Three Reasons Why It Is Wrong to Assume the Supreme Court Will Redefine Marriage

June 25, 2014

Two more federal courts have now ruled that the natural definition of marriage as the union of one man and one woman violates the U.S. Constitution—a District Court in Indiana, and the U.S. Court of Appeals for the Tenth Circuit in a case out of Utah.

There is a growing consensus among the liberal elites that it is “inevitable” that the U. S. Supreme Court will eventually declare a constitutional “right” to marry someone of the same sex. Here are three quick reasons to believe they are wrong:

1) The Court was already asked to declare such a right last year—and it refused. The supposed legal superstars Ted Olson and David Boies teamed up to challenge California’s Proposition 8 before the Supreme Court—but that case, Hollingsworth v. Perry, ended with a whimper instead of a bang. The Court issued a narrow technical ruling that the proponents of Proposition 8 did not have legal standing to defend it in Court in place of state officials, who refused to do so. This ruling had the end result of allowing same-sex “marriages” to resume in California, but it established no precedent at all.
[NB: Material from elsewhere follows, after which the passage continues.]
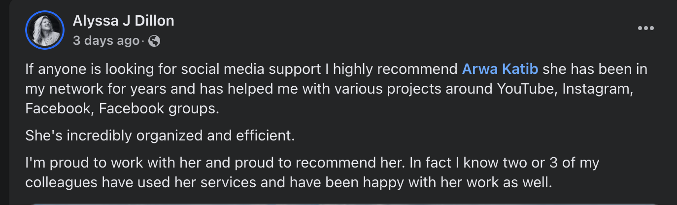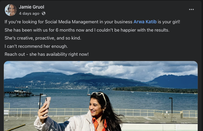 I’m Arwa Katib, a social media strategist specializing in content creation and social media management for founders and small businesses.

If it were clear to a majority of the Court that the U.S. Constitution requires states to allow same-sex “marriages,” it would have been easy enough to declare as much last year. The fact that they did not may indicate at least some reluctance to do so.

2) In the case of U.S. v. Windsor, the Supreme Court did strike down the federal definition of marriage as the union of a man and a woman in the federal Defense of Marriage Act (DOMA). However, that decision was based largely on DOMA’s deviation from the tradition of the federal government deferring to state definitions of marriage. That same tradition would suggest that the Court should allow states to continue defining marriage as they choose.

3) When the current flurry of federal court decisions redefining marriage began last year, several of the lower courts involved refused to even issue a stay of their ruling pending appeal. However, the Supreme Court did issue such stays—suggesting that they are not in nearly so much of a rush to get same-sex couples to the altar or the justice of the peace as other judges are.

I’m not making bets or even predictions as to what the Supreme Court will do if and when one of these new cases reaches them. The court has issued bad, unjustified, unprecedented decisions before. I am just pointing out that there is reasonable evidence to suggest that the Court is not eager to overturn the very constitutions of a majority of these United States.